Scientific classification
- Kingdom: Animalia
- Phylum: Chordata
- Class: Mammalia
- Infraclass: Placentalia
- Order: Artiodactyla
- Family: Bovidae
- Subfamily: Hippotraginae
- Genus: Hippotragus
- Species: H. niger
- Subspecies: H. n. variani
- Trinomial name: Hippotragus niger variani Thomas, 1916

= Giant sable antelope =

Rare subspecies of the sable antelope

The giant sable antelope (Hippotragus niger variani) is a critically endangered subspecies of the common sable antelope native and endemic to the central highlands of Angola, occurring specifically in two areas: Cangandala National Park (south of the city of Malanje) and Luando Natural Strict Reserve (between the Kwanza and Luando Rivers, south of Cangandala).

== Taxonomy ==
The giant sable antelope was formally described in 1916 by British zoologist Oldfield Thomas of the Natural History Museum, London, who designated it a new subspecies of the sable antelope, Hippotragus niger, under the trinomial name Hippotragus niger variani. The subspecific epithet honours Frank Varian, the British railway engineer who first brought the animal to scientific attention while working on the construction of Angola's Benguela Railway.

The sable antelope belongs to the subfamily Hippotraginae within the family Bovidae, a grouping that also includes the roan antelope (Hippotragus equinus) and the extinct bluebuck (Hippotragus leucophaeus). Four subspecies of Hippotragus niger are currently recognised: the giant sable (H. n. variani), the common or southern sable (H. n. niger), the Zambian or Kirk's sable (H. n. kirkii), and Roosevelt's sable (H. n. roosevelti). The giant sable is the only subspecies endemic to Angola.

Molecular studies have confirmed the giant sable's status as a genetically distinct lineage. Mitochondrial DNA analysis places its divergence from other sable populations at between 120,000 and 170,000 years ago, a separation attributed to Pleistocene climatic isolation in the Cuanza river basin. Subsequent analysis of nuclear markers has found very low historical gene flow between the giant sable and all other subspecies, supporting its recognition as a separate taxonomic unit.

== Discovery ==
It was first described in 1916 by Frank Varian, a British engineer and naturalist, as a new subspecies of sable antelope distinguished by its size, horn structure and length, and unique facial markings. At the time, Varian worked on the construction of Angola's Benguela Railway, which connected the inland mining areas with the Atlantic coast. His work in the remote highlands brought him into contact with some of the country's unique wildlife, leading to his discovery of the giant sable, which he subsequently documented and brought to scientific attention. The giant sable was the last of the large mammals to be discovered, with its discovery occurring after that of the Okapi.

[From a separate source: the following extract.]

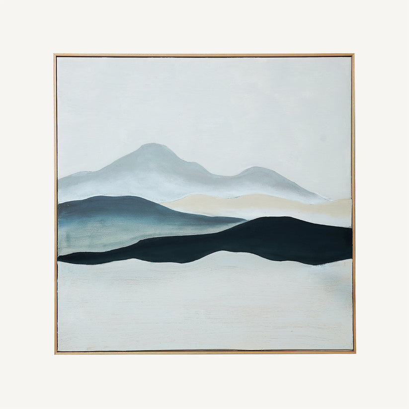 El cuadro artesanal Erkan en tonos azules, combina el arte contemporáneo con la calidez de lo artesanal. Pintado a mano sobre lienzo de alta calidad, presenta un acabado texturizado con suaves degradados de azul y formas inspiradas en paisajes abstractos, transmitiendo sensación de calma y serenidad.
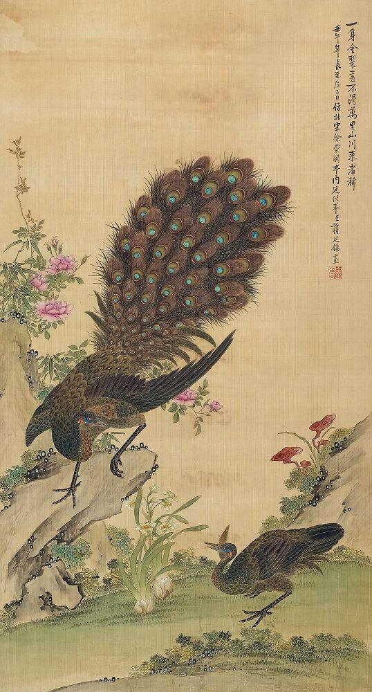 尺寸:134×73cm 款识:一身金翠尽不得,万里山川来者稀。壬午年长至后二日仿北宋徐崇嗣本廷供奉臣蒋廷锡画。 钤印:[臣酉君印]

There was a great degree of uncertainty regarding the number of animals that survived during the Angolan Civil War. In January 2004, a group from the Centro de Estudos e Investigação Científica of the Catholic University of Angola, led by Dr. Pedro Vaz Pinto, obtained photographic evidence of one of the remaining herds from a series of trap cameras installed in Cangandala National Park.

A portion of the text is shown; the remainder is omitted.